The following testimony was delivered on October 4 before the Senate Foreign Relations Subcommittee on Western Hemisphere, Transnational Crime, Civilian Security, Democracy, Human Rights, and Global Women's Issues Denise Natali, Director, Center for Strategic Research and Distinguished Research Fellow, Institute for National Strategic Studies, National Defense University.

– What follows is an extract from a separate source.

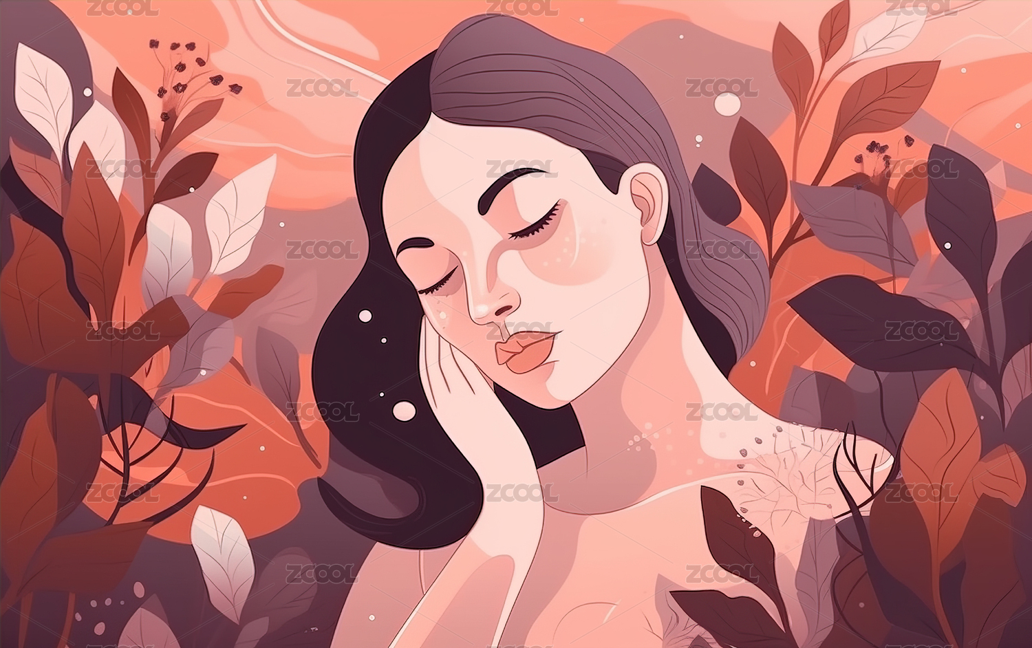 手绘卡通动感唯美的时尚女孩扁平化插画

Mr. Chairman, Mr. Ranking Member, and distinguished members of the Committee, thank you for the opportunity to testify today on the future of Iraq's minorities after the defeat of the Islamic State of Iraq and Syria (ISIS). I would like to note that these views represent my own and not those of the United States government, the Department of Defense, or the National Defense University.

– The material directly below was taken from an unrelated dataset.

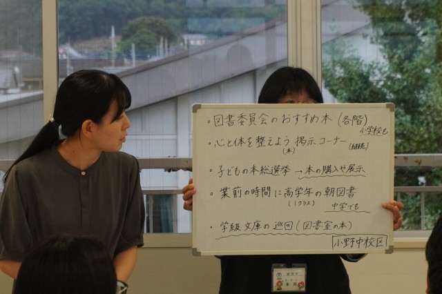 班別協議では、各一貫校における、読書啓発に向けた取組の成果や課題を基に、子どもたちが、より読書に親しめるようなアイディアを具体化する話し合いがなされました。図書館担当の先生方や巡回司書の皆さんの熱心さの中に笑顔があふれる話合いとなりました。
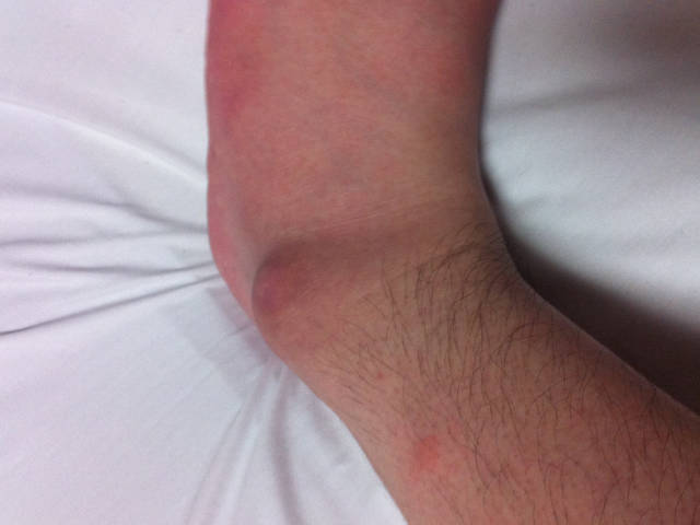 この滑液のおかげで摩擦が少なく関節が曲がるのですが、この滑液が急な激しい運動で大量に造られ、どうも漏れてしまったために腫れたしまったらしいです。

The prospects for Iraq's most vulnerable minorities after ISIS are tied to the larger framework of Iraqi politics and minority group dynamics. They will likely be affected by post-ISIS stabilization challenges. These challenges include, but are not limited to ethno-sectarianism, disputes between the Iraqi government and the Kurdistan Regional Government (KRG), and the proliferation of militias.

Iraq's minorities are not monolithic. They represent about ten percent of the Iraqi population and include Assyrians, Yezidis, Mandaeans (Sabians), Turcoman, Armenians, Circassians, Jews, Kaka'is, Shabaks, and Faily Kurds. Most of these groups live in northern Iraq; the Ninawah Plains, Kirkuk, Sinjar and other localities. Although these territories have become politicized as 'disputed areas' - lands claimed by the Iraqi government and the KRG - they are regarded by Assyrians and Yezidis as ancestral lands. Since the breakdown of the Iraqi state and emergence of sectarian conflict in 2003, the most vulnerable non-Muslim minorities have been the Christians (Assyrians/Chaldeans/Syriac and Armenians) and Yezidis. According to a report by Minority Rights Group International, from 2005-2014 the Yezidi population decreased from 700,000 to approximately 500,000. Christian populations also fled Baghdad during this period, with about fifteen percent remaining.

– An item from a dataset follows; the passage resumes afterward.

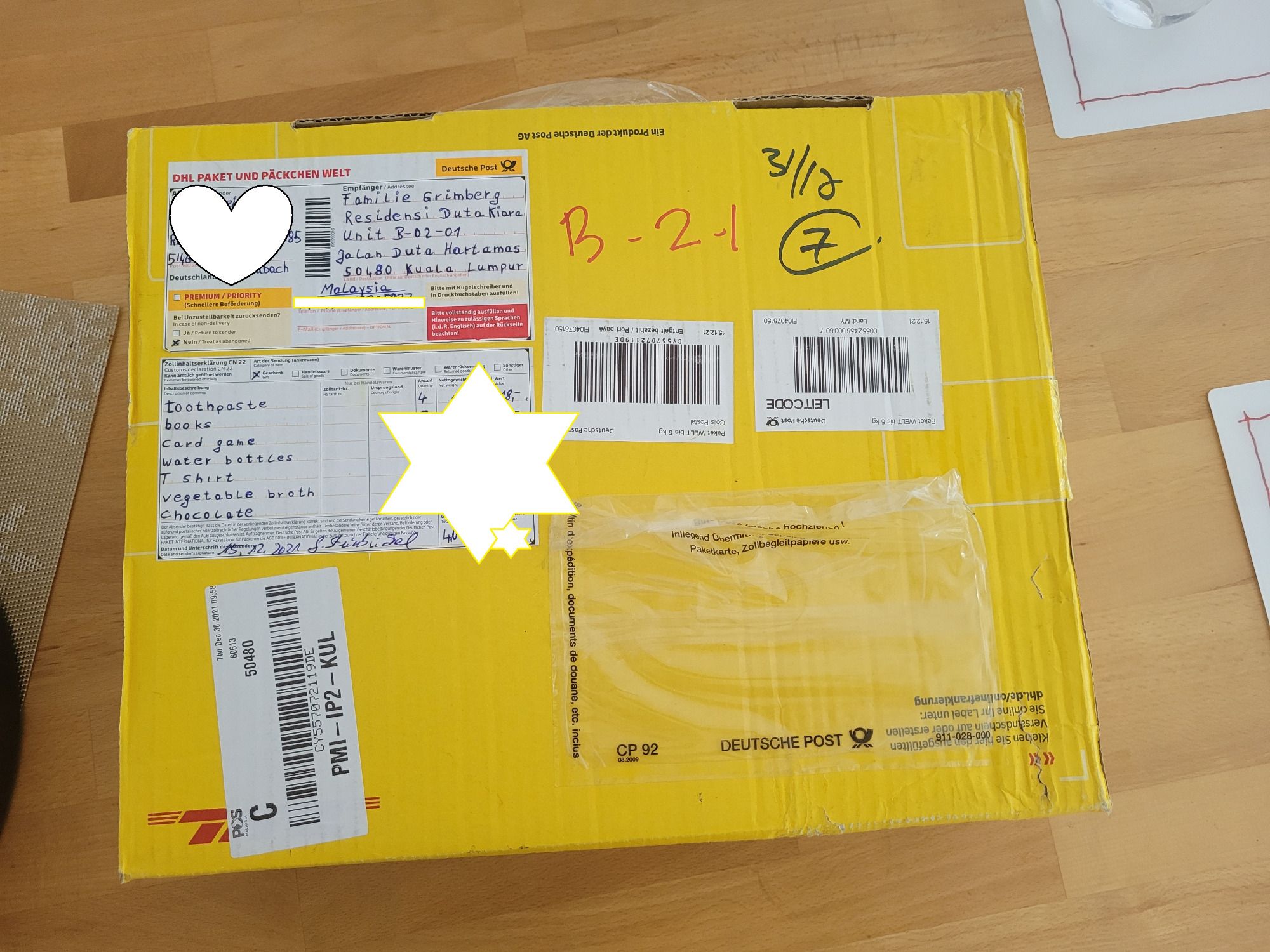 Am Silvestertag durften wir uns dann über das erste Paket von Ursulas Familie aus Deutschland freuen. Neben Zahnpasta (Elmex für Kinder kostet hier 8€), Gemüsebrühe und noch Geburstagsgeschenke für Lars waren auch noch Schokolade und andere Überaschungen im Paket. VIELEN, VIELEN DANK!

Threats against Christians and Yezidis increased significantly after the ISIS onslaught in June 2014. Reports indicate that about 9,900 Yezidis were killed or captured by ISIS while 6,800 others were kidnapped, with over a third still missing. Thousands of Yezidis also escaped to

Syria, Jordan and other states, adding to refugee strains. By 2016 Christian populations declined from about 1.4 million to about 300,000. At present, most Christians and Yezidis in Iraq are living as internally displaced persons (IDPs) in camps inside the Kurdistan Region, with smaller numbers in central or southern Iraq.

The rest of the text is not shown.